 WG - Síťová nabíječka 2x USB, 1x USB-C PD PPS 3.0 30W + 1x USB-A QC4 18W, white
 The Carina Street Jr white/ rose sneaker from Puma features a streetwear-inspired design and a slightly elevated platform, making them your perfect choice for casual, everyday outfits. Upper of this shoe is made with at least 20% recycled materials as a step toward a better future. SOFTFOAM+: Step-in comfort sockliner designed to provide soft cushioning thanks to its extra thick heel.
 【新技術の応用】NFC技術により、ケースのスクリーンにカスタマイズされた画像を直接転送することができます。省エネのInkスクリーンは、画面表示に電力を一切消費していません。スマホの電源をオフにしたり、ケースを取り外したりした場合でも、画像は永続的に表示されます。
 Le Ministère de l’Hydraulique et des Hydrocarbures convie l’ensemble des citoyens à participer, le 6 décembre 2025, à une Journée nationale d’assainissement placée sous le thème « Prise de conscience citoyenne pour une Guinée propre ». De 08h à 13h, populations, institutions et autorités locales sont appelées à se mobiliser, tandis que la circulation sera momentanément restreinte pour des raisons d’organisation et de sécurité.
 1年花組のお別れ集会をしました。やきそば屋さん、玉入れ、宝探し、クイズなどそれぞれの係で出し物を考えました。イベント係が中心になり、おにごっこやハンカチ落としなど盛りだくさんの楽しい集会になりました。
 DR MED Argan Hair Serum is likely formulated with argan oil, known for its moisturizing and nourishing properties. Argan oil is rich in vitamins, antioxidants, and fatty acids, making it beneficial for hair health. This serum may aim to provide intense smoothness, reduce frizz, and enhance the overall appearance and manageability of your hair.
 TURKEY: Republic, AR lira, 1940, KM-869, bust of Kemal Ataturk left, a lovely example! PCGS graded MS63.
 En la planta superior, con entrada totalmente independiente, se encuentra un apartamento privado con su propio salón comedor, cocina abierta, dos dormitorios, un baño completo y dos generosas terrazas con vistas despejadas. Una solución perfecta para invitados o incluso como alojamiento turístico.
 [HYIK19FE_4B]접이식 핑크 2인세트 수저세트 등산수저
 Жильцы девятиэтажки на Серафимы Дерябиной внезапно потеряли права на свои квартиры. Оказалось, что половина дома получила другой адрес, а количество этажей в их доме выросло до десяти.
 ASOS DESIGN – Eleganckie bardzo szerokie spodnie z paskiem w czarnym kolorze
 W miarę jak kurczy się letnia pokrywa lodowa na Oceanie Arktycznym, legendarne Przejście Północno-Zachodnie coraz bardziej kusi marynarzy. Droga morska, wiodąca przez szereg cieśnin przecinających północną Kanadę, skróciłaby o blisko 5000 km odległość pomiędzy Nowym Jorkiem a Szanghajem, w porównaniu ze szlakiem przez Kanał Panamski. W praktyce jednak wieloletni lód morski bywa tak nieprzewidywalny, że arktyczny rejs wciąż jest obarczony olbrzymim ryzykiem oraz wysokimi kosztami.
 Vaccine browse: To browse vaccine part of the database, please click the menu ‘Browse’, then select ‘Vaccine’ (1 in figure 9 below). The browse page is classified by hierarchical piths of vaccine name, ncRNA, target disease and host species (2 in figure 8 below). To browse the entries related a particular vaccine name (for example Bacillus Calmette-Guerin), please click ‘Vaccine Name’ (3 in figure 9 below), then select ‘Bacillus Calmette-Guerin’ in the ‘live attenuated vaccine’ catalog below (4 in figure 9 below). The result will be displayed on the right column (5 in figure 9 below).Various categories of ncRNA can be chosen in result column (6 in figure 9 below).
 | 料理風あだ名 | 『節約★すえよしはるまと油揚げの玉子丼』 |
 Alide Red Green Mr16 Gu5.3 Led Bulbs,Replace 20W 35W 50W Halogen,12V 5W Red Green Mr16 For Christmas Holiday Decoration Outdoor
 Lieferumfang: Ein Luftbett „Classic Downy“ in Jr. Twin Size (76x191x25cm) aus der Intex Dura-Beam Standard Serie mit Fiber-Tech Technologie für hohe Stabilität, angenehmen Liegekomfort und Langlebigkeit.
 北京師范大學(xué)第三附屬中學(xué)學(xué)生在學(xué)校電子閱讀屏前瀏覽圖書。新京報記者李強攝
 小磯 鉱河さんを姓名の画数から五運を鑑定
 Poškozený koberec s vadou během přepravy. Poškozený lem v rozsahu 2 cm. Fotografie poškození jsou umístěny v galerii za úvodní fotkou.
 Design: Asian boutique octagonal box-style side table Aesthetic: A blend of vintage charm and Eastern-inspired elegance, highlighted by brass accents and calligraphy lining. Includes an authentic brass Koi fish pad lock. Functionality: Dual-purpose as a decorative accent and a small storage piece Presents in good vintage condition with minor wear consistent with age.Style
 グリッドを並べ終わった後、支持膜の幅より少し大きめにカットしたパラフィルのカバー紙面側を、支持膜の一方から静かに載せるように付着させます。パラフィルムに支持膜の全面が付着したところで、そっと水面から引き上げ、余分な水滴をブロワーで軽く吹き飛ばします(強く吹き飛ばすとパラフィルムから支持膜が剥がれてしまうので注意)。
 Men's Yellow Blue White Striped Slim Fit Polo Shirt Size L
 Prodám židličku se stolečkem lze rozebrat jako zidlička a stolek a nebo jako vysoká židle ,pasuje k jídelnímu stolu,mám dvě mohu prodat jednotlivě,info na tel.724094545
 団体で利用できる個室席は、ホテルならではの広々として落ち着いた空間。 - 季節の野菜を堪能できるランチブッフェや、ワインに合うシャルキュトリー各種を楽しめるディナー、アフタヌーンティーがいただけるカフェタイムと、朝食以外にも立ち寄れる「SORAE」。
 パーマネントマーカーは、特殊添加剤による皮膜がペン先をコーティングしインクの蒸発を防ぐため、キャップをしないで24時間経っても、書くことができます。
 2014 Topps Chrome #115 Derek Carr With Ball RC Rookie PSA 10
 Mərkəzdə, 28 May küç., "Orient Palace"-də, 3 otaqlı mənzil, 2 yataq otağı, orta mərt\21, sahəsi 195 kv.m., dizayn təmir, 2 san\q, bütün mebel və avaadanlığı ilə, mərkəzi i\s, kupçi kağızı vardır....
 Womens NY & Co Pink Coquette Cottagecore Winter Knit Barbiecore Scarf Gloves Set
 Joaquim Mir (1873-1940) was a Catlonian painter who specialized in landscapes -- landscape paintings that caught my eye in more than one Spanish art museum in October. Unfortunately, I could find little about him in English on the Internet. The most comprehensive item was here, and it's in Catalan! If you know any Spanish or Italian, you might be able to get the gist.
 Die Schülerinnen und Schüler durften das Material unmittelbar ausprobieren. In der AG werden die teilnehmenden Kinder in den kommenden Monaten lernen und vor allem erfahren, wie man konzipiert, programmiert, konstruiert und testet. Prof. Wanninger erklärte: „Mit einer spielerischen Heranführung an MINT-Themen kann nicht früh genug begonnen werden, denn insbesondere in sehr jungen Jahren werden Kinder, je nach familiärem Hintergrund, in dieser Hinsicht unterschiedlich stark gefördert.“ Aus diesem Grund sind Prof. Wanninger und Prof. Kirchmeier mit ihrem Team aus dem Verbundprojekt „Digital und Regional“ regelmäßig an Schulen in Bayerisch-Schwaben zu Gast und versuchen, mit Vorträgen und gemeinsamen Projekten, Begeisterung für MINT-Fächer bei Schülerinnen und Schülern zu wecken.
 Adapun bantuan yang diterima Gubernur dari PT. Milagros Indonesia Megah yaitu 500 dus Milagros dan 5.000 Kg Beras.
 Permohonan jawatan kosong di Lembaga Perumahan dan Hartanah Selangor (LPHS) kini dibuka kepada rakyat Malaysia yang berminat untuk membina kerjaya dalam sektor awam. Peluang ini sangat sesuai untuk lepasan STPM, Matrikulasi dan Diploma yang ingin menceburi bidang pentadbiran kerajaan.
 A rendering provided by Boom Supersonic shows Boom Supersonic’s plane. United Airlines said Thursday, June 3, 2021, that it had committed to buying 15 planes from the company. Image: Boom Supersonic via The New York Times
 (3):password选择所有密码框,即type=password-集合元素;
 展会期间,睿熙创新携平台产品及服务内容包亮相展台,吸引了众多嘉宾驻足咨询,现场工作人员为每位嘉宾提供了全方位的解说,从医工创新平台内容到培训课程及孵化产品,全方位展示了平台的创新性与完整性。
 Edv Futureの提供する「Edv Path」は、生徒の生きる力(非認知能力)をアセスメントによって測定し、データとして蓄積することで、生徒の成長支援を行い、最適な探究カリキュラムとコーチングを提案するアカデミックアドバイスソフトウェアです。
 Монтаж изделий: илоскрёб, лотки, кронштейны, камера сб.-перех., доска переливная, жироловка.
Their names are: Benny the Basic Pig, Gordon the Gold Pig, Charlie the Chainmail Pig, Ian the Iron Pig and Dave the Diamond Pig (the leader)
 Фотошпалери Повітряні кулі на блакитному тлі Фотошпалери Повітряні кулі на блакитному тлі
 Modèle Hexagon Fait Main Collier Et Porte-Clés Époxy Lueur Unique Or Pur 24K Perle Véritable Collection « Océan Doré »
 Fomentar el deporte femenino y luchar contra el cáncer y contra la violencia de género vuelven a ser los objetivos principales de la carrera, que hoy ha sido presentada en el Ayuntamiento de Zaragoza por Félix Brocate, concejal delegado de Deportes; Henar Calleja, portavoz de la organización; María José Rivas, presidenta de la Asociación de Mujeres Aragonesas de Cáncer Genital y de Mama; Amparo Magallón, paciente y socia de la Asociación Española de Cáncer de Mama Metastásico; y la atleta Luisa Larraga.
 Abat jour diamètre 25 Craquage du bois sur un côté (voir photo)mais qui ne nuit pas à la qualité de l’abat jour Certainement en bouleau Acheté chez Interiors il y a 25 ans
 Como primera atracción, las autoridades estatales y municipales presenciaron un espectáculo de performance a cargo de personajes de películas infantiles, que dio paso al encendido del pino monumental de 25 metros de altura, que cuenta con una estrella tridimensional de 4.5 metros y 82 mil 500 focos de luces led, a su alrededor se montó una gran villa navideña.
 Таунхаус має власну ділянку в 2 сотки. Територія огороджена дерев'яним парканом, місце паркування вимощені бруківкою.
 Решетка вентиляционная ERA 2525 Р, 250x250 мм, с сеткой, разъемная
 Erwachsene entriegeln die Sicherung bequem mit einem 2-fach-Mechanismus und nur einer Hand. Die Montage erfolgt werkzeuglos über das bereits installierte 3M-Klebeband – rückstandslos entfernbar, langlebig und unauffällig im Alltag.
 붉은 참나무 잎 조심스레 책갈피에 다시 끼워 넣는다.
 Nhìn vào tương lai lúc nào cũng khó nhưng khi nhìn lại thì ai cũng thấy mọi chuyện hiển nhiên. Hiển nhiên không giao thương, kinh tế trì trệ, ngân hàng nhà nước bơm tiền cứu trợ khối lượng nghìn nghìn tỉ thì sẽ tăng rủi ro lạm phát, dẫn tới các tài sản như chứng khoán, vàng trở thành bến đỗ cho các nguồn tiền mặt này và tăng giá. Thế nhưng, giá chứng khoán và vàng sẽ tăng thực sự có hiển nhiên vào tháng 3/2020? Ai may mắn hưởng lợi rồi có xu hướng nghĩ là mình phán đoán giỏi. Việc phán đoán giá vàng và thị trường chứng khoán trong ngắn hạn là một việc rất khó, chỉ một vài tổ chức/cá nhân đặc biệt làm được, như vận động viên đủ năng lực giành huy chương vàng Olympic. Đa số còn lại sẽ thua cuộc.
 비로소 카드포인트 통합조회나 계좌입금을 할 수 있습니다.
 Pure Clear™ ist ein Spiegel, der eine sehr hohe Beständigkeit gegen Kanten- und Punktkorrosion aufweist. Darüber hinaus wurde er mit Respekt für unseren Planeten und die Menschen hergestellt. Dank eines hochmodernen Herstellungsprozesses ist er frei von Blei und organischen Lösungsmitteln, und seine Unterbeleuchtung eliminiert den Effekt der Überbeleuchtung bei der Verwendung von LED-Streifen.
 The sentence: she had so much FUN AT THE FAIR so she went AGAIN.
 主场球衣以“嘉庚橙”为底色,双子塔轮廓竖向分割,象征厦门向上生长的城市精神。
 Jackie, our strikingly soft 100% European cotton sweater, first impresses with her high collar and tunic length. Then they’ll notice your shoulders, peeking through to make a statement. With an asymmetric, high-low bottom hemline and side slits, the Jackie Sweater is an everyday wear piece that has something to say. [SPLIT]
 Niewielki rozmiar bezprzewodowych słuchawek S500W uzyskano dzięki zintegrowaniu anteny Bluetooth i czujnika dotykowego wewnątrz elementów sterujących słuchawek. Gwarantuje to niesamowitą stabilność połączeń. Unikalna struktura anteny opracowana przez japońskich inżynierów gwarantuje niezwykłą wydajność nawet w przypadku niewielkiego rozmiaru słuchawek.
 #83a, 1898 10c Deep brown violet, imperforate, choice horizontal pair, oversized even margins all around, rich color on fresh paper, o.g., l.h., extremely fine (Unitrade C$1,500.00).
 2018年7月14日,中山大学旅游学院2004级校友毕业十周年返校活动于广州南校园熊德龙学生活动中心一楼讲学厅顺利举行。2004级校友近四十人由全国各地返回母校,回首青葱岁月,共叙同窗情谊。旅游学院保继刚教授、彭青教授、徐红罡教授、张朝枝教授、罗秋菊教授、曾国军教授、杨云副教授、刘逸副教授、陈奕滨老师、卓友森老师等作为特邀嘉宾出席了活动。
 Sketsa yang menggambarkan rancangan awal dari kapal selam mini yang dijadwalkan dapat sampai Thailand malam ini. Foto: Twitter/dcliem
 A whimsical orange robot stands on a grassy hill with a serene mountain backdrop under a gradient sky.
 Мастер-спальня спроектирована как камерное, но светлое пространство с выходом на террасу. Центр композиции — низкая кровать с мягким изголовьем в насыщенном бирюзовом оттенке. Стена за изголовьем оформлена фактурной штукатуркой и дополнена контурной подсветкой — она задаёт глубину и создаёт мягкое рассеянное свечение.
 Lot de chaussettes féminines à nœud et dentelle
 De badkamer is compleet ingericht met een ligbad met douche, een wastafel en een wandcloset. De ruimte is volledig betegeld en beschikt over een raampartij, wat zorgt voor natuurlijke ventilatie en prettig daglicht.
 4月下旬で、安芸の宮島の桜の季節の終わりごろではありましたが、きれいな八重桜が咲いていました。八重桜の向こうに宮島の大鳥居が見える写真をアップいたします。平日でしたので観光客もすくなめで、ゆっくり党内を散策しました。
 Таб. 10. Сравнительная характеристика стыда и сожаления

-.-.-

__What you are asked to do__. Within the material above, the line with "2014 Topps Chrome" opens the range and the line with "展会期间,睿熙创新携平台产品" closes it; reproduce that range word for word.

__Task answer__.
 2014 Topps Chrome #115 Derek Carr With Ball RC Rookie PSA 10
 Mərkəzdə, 28 May küç., "Orient Palace"-də, 3 otaqlı mənzil, 2 yataq otağı, orta mərt\21, sahəsi 195 kv.m., dizayn təmir, 2 san\q, bütün mebel və avaadanlığı ilə, mərkəzi i\s, kupçi kağızı vardır....
 Womens NY & Co Pink Coquette Cottagecore Winter Knit Barbiecore Scarf Gloves Set
 Joaquim Mir (1873-1940) was a Catlonian painter who specialized in landscapes -- landscape paintings that caught my eye in more than one Spanish art museum in October. Unfortunately, I could find little about him in English on the Internet. The most comprehensive item was here, and it's in Catalan! If you know any Spanish or Italian, you might be able to get the gist.
 Die Schülerinnen und Schüler durften das Material unmittelbar ausprobieren. In der AG werden die teilnehmenden Kinder in den kommenden Monaten lernen und vor allem erfahren, wie man konzipiert, programmiert, konstruiert und testet. Prof. Wanninger erklärte: „Mit einer spielerischen Heranführung an MINT-Themen kann nicht früh genug begonnen werden, denn insbesondere in sehr jungen Jahren werden Kinder, je nach familiärem Hintergrund, in dieser Hinsicht unterschiedlich stark gefördert.“ Aus diesem Grund sind Prof. Wanninger und Prof. Kirchmeier mit ihrem Team aus dem Verbundprojekt „Digital und Regional“ regelmäßig an Schulen in Bayerisch-Schwaben zu Gast und versuchen, mit Vorträgen und gemeinsamen Projekten, Begeisterung für MINT-Fächer bei Schülerinnen und Schülern zu wecken.
 Adapun bantuan yang diterima Gubernur dari PT. Milagros Indonesia Megah yaitu 500 dus Milagros dan 5.000 Kg Beras.
 Permohonan jawatan kosong di Lembaga Perumahan dan Hartanah Selangor (LPHS) kini dibuka kepada rakyat Malaysia yang berminat untuk membina kerjaya dalam sektor awam. Peluang ini sangat sesuai untuk lepasan STPM, Matrikulasi dan Diploma yang ingin menceburi bidang pentadbiran kerajaan.
 A rendering provided by Boom Supersonic shows Boom Supersonic’s plane. United Airlines said Thursday, June 3, 2021, that it had committed to buying 15 planes from the company. Image: Boom Supersonic via The New York Times
 (3):password选择所有密码框,即type=password-集合元素;
 展会期间,睿熙创新携平台产品及服务内容包亮相展台,吸引了众多嘉宾驻足咨询,现场工作人员为每位嘉宾提供了全方位的解说,从医工创新平台内容到培训课程及孵化产品,全方位展示了平台的创新性与完整性。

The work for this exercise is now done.